Data below:
^^^^
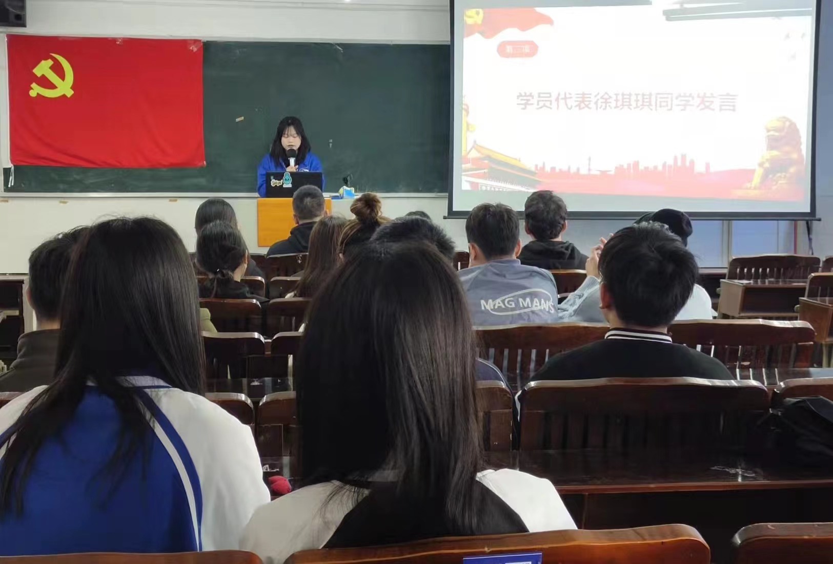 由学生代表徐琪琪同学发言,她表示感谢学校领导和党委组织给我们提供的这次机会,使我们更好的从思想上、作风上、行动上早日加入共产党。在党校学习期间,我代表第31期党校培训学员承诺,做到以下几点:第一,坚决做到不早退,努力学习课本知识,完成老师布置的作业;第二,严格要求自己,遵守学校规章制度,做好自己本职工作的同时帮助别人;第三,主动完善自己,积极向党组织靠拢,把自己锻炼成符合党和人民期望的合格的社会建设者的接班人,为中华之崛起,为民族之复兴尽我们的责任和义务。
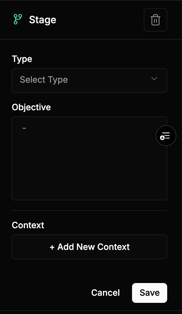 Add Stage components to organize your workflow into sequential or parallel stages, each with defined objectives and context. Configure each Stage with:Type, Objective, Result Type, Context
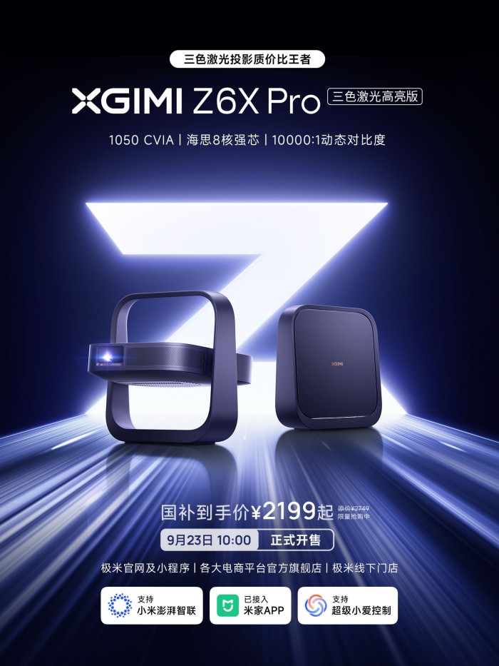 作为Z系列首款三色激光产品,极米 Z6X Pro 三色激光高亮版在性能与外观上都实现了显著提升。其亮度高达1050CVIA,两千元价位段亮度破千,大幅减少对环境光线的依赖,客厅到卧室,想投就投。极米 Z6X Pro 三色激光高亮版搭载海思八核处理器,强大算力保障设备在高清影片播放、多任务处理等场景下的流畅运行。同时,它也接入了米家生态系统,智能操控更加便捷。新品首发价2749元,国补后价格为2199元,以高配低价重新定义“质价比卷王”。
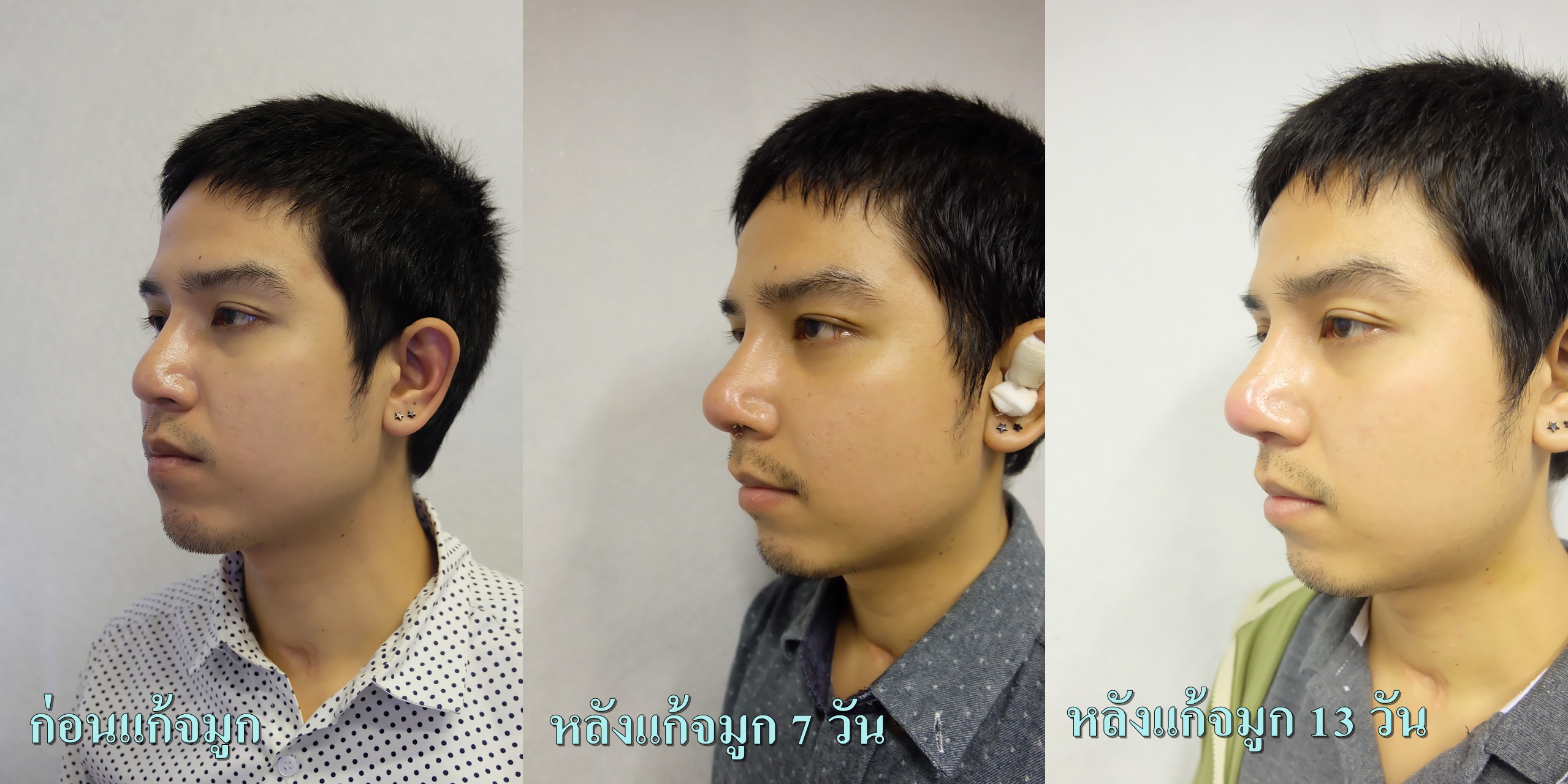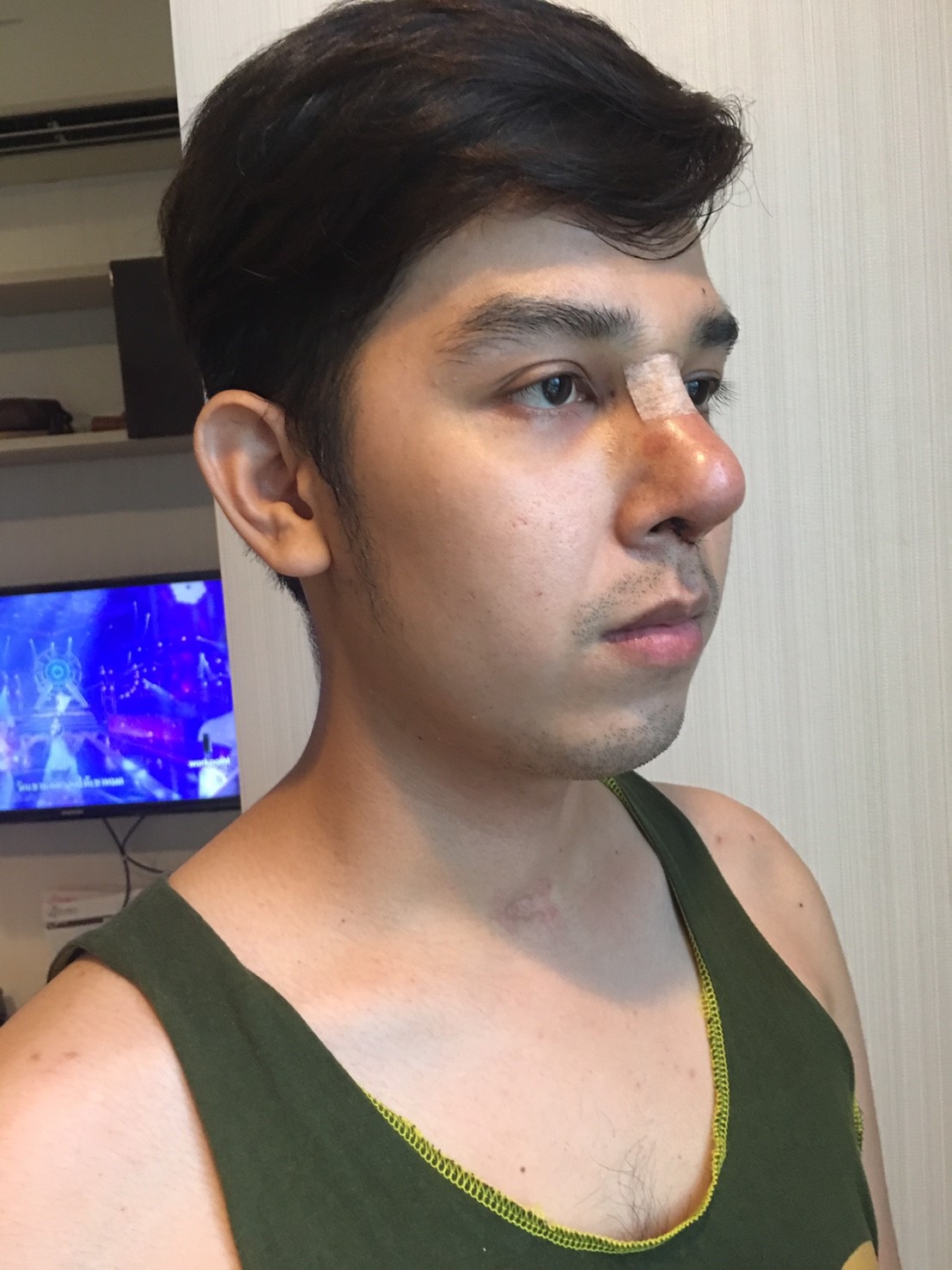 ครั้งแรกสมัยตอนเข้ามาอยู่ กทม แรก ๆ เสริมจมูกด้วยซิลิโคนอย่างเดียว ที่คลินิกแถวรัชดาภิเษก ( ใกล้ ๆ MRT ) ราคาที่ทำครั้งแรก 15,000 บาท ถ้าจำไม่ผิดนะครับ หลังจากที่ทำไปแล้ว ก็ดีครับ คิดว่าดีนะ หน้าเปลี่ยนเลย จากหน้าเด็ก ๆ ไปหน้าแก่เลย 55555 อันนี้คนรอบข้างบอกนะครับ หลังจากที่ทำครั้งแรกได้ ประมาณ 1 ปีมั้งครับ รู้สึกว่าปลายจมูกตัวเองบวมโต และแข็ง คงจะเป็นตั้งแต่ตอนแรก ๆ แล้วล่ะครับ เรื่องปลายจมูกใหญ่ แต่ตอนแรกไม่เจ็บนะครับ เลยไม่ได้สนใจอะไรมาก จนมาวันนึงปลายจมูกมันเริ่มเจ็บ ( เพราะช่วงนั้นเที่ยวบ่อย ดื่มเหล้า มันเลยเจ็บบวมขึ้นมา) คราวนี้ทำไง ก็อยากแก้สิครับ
^^^^
Task objective: Pictures excluded, repeat the material above from its first line through the line containing "Add Stage components", both included.

Expected output:
 由学生代表徐琪琪同学发言,她表示感谢学校领导和党委组织给我们提供的这次机会,使我们更好的从思想上、作风上、行动上早日加入共产党。在党校学习期间,我代表第31期党校培训学员承诺,做到以下几点:第一,坚决做到不早退,努力学习课本知识,完成老师布置的作业;第二,严格要求自己,遵守学校规章制度,做好自己本职工作的同时帮助别人;第三,主动完善自己,积极向党组织靠拢,把自己锻炼成符合党和人民期望的合格的社会建设者的接班人,为中华之崛起,为民族之复兴尽我们的责任和义务。
 Add Stage components to organize your workflow into sequential or parallel stages, each with defined objectives and context. Configure each Stage with:Type, Objective, Result Type, Context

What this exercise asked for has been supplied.